God settled the human in the garden to farm it and care for it. There was this crafty snake, though. The snake asked Eve a tricky question:
Did God really say that you shouldn’t eat from any tree in the garden?
(Gn.2:15-17, 3:3. CEB)
The question shows insight into the human mind – a fascination with limits, with what we cannot have. What kind of God would put you in a beautiful garden and tell you not to eat its lovely fruit? The question is crafty because it captures the human mind with a perspective totally opposite of what God said to the humans.
The snake begins the conversation focused on the limit: Did God really say you shouldn’t? …
But God first spoke to humanity in abundance: Eat your fill! …

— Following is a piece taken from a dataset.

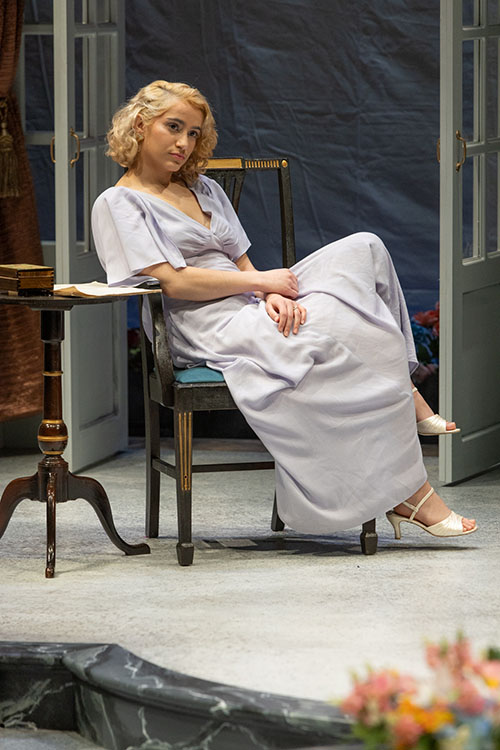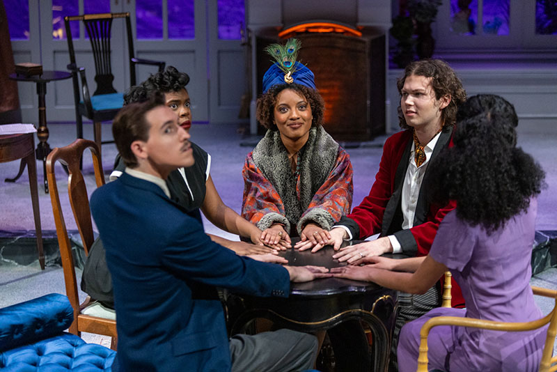The Condomine’s lives are turned upside down one night when entertaining their pragmatic friend Dr. Bradman (Kane Waggoner ‘24) and his sassy wife Violet (Xsyanni Jackson ‘25), who take part in a seance conducted by Madame Arcati to communicate with Daphne, the house’s late former tenant (Jenaesia Jones ‘27). Playing on the gramophone is Irving Berlin’s 1925 hit “Always,” Elvira’s favorite song.

The Lord God commanded the human, “Eat your fill from all of the garden’s trees; but don’t eat from the tree of the knowledge of good and evil, because on the day you eat from it, you will die!” (Gn.2:16-17)
God offered abundance (Eat your fill!), with a limitation, a warning about danger to the humans. The snake turns the humans to focus solely on that limit. What makes that the boundary? Why NOT eat that fruit? Who is this God, and what do the Lord’s commands mean, anyway? Eve becomes fascinated by the limit.
As you begin the journey of Lent, you may be fascinated by the limit you chose, if you practice Lent through giving up something you love. Chocolate is a classic thing to sacrifice during Lent. In the first week or two, it seems as though nothing exists apart from that lovely candy bar in the check-out line. Oh CHOCOLATE! If only I could eat you. I can’t wait for these 40 days to end! How will I make it without one little bite of chocolate?
If we looked at Lent from a God perspective, though, we would tell ourselves, “I can eat anything! (except chocolate) There is an abundance of opportunity. Maybe I’ll try new foods and expand my palate.”
God’s commands to us are about God’s abundance. When God gives a word of limitation, it is about God’s desire that we have life and have it abundantly.
The tree in the middle of the garden had no magic about it, no poison in its fruit. It was about limit. God’s limit for humanity is not stifling, but rather life-giving (“Eat your fill… but stay away from the thing that will kill you”). The limit says, “I made you. You are mine.” There are differences between Creator and creature. The creatures, the humans, get to have a loving provider. We get to have a God to lean on, to learn from, to walk with.
Setting a small limit during Lent, giving up something, causes us to pause and THINK. Sometimes we come to the end of 40 days and notice the thing we gave up was not True, Helpful, Inspiring, Necessary, and Kind, or at least not to the extent we once thought. We rely on it less, or not at all, after a 40 day journey of thinking and prayer.
This journey of Lent, including the times that we doubt, struggle, fail, and pray for strength, is about drawing closer to our Creator, being more full of the Holy Spirit, and becoming more like Jesus: the One who is True, Helpful, Inspiring, Necessary, and Kind. We do this not by breaking our limits, but acknowledging them.